A Índia presenciou muitos conflitos desta natureza que modificaram a República no último século. Enquanto os sucessivos governos diferem em suas respostas ao lidar com agitações estudantis, os recentes ataques aos campi universitários indianos não têm precedentes na história indiana. No último mês, três grandes universidades do país sofreram ataques planejados, seja pela polícia, seja por apoiadores do governo atual com o apoio da polícia.
Estes ataques às universidades ocorreram ao mesmo tempo em que ocorriam protestos nacionais contra o aumento das mensalidades e contra o Ato de Emenda de Cidadania (“Citizenship Amendment Act” – CAA). Enquanto o primeiro diz respeito à Educação Superior (ES), o segundo tem implicações mais amplas para o secularismo, já que o CAA coloca em risco a existência de minorias muçulmanas e da população indígena.

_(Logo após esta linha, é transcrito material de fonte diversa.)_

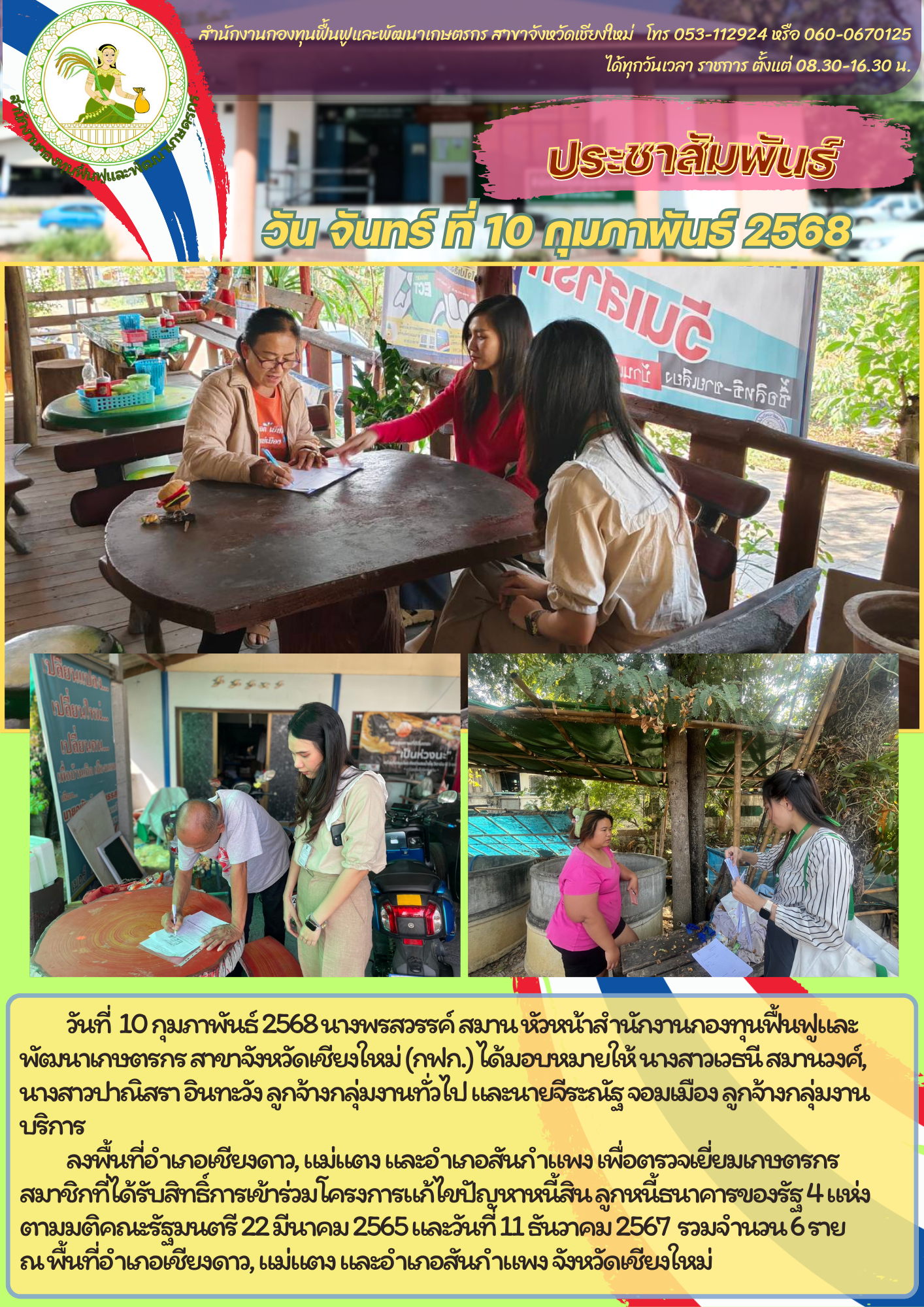 The post วันที่ 10 กุมภาพันธ์ 2568 ลงพื้นที่อำเภอเชียงดาว เพื่อตรวจเยี่ยมเกษตรกรสมาชิกที่ได้รับสิทธิ์การเข้าร่วมโครงการแก้ไขปัญหาหนี้สิน ลูกหนี้ธนาคารของรัฐ 4 แห่ง ตามมติคณะรัฐมนตรี 22 มีนาคม 2565 และวันที่ 11 ธันวาคม 2567 appeared first on สำนักงานกองทุนฟื้นฟูและพัฒนาเกษตรกร สาขาจังหวัดเชียงใหม่.

Em um país em que a taxa bruta de matrícula na ES ainda está em torno de 25% e a taxa de desemprego está em seu ápice, o aumento das mensalidades tornariam a ES inacessível a grande parte da população indiana, colocando em risco o futuro da juventude e do país. Os estudantes têm demandado educação acessível para todos para salvar o país de uma aparente catástrofe econômica. Por outro lado, o CAA deve levar minorias muçulmanas e povos indígenas que não consigam apresentar documentos anteriores a 1971 a perderem a nacionalidade indiana.
Enquanto os estudantes protestam contra o aumento das taxas desde novembro de 2019, as agitações contra o CAA começaram com a introdução do projeto de lei na câmara baixa do Parlamento em 4 de dezembro de 2019. Como os protestos contra o aumento das taxas tiveram caráter nacional, os protestos contra o CAA encabeçados por grupos da sociedade civil e outros profissionais começaram já em um nível maior. Em pânico com a extensão inesperada de protestos contra a CAA, o governo atacou duas universidades caracterizadas com status minoritário: a Aligarh Muslim University (AMU) em Uttar Paradesh (UP) e a Jamia Milia Islamia (JMI) em Nova Délhi.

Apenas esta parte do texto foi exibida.